With its historic Marjorie McNeely Conservatory --

 
Read about
Soni Forsman

Water Platters Make Triumphant Return
to Como Park
St. Paul, Minnesota USA

by Soni Forsman
Click images to enlarge

After an absence of 100 years, Victoria waterlilies returned to St. Paul, Minnesota's popular Como Park in 2005. New water gardens were included in an expansion of the park's 1915 Conservatory and the addition of a 65,000 square foot (6039 square meter) Visitor and Education Center. The glass house is the centerpiece of the 450 acre (182 hectare) city park.

That first summer, the display of seven Victoria 'Longwood Hybrids' and a dozen tropical waterlilies exposed a new generation to water platters, water gardening at the Conservatory, and teased visitors to watch for bigger and better aquatic plant displays in future summers. They have not been disappointed.

I was honored to consult with the Conservatory horticultural staff in 2005 to bring back the Victorias, from seed procurement to final placement in the heated pool. As we strolled amongst the Victorias and tropical waterlilies -- maintaining, pruning and grooming -- it was very rewarding to talk with visitors about the new water gardens. The most frequently asked question, "What is that (Victoria)?"

 
One of the large islands of marginal plants that add drama to the unheated pool
In 2008 the heated pool showcased Victoria amazonica, Victoria cruziana, Victoria 'Longwood Hybrid', the small (possible new species) Victoria and Euryale ferox. Day and night blooming tropical waterlilies grew among the Victorias. Huge "islands" of marginal plants were backdrops to an extensive display of tropical and hardy waterlilies and lotus in the massive unheated pool. The eight foot (2.4 meter) wide water gardens outline the new addition and Conservatory expansion and are always available for public viewing. 
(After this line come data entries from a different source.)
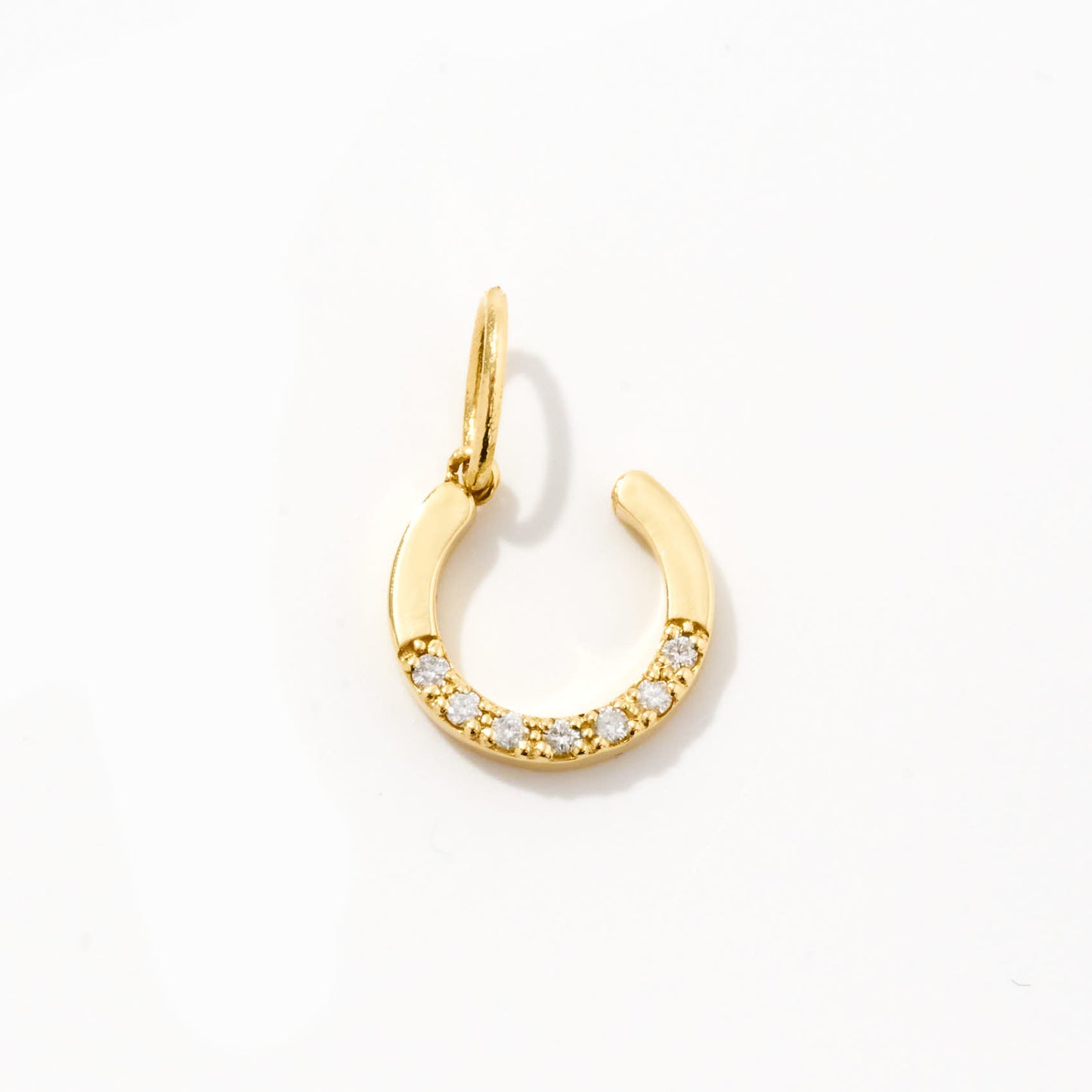 Unveil your luck and sophistication with the Diamond Horseshoe charm in 14k Solid Gold. Gracefully handcrafted and accented with a precious diamond, this charm exhibits both luxury and sentiment, making it a meaningful piece to possess. Tailored to perfection, this Horseshoe charm is a timeless accessory that adds the right amount of sparkle to any look.
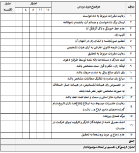 در صورتي که همه موارد در پروندههاي بررسي شده رعايت شود نمره کامل لحاظ گردد، در غير اين صورت با توجه به پروندههاي داراي نقص امتياز پايين تري لحاظ شود.
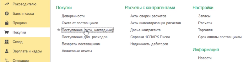 Для этого идем в раздел покупки / Поступление (акты, накладные).
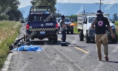 Pénjamo, Guanajuato.- Un motociclista de aproximadamente 40 años de edad perdió la vida tras sufrir un accidente sobre la carretera estatal Pénjamo-Pastor Ortíz, entre las comunidades...
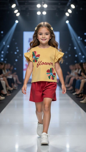 ست تیشرت و شلوارک لینن بیرونی گل برجسته دخترانه کد ۱۶۴
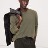 Front pockets. Rear welt pocket with button closure.
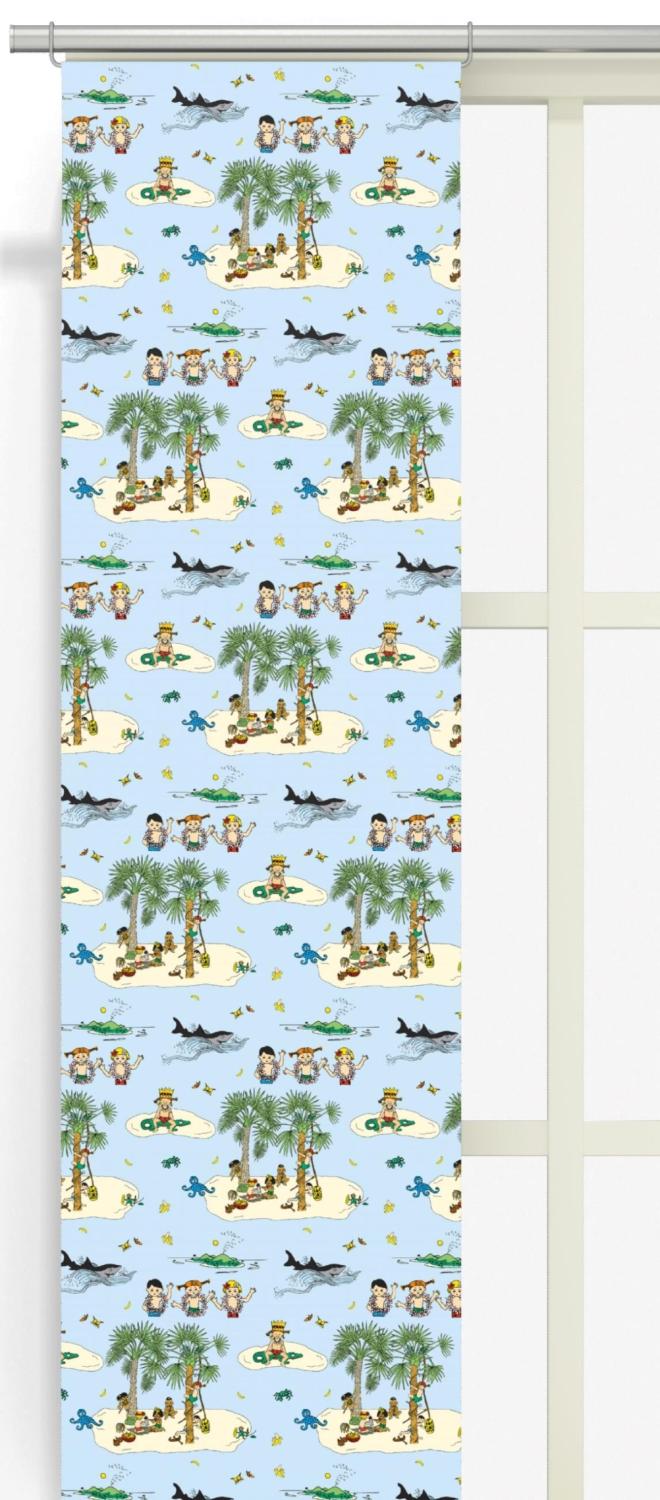 Panelgardin Kurrekurreduttön från Arvidssons Textil i 100% bomull har ett lekfullt och äventyrligt motiv inspirerat av Pippis värld. Här möter du Tommy och Annika bland öar, hajar och palmer mot en blå botten som för tankarna till spännande äventyr.
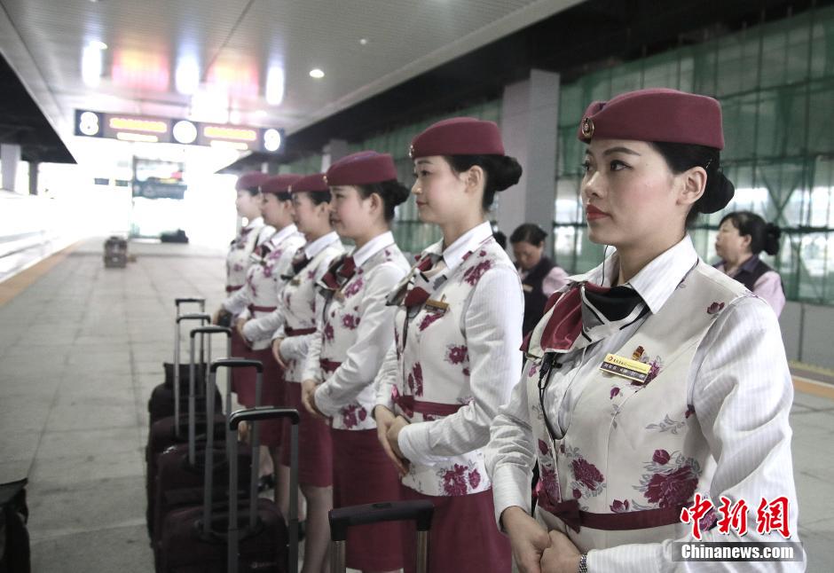 Stewardesses wait for the bullet train D2278.(Photo/Chinanews.com)

The park's first lily pool was located southeast of the present-day conservatory and was called the Aquarium. Centerpiece in this pool was Victoria regia as V. amazonica was known during the Victorian era. They disappeared from the park in the early 1900s as the trees surrounding the Aquarium matured, shading the pool.

Postcard of the original lily pond in Como Park > 


The 9,000 square foot (836 square meter) expansion to the Conservatory includes a room under glass devoted entirely to ferns and fern allies. It replaced the 1915 fern room where only one species of fern lived due to the limestone construction. Now 150 species of fern and fern allies reside in the room of charcoal-gray lava rock. The expansion also includes a bonsai gallery, an orchid house, and a children's gallery for hands-on educational opportunities.

< Ferns and fern allies flourish in their own room under glass 

 

Three more garden rooms make up the Conservatory -- the palm dome, the sunken garden, and the north garden (a garden room devoted to beneficial plants). These rooms are original to the Conservatory and were restored in the late 1980s and early 1990s. Most evident to the public was new glass that replaced the cloudy fiberglass panels on the walls and ceilings and all garden rooms are now handicapped accessible. 

Palm trees stretch up into the Victorian glass dome >

The palm dome houses towering palm trees that reach into the classic Victorian glass dome. The formal sunken garden has five flower shows a year -- winter, spring, summer, fall and holiday. It is the favorite locale for weddings and photo opportunities. A collection of food and spice trees and plants grow in the north garden.   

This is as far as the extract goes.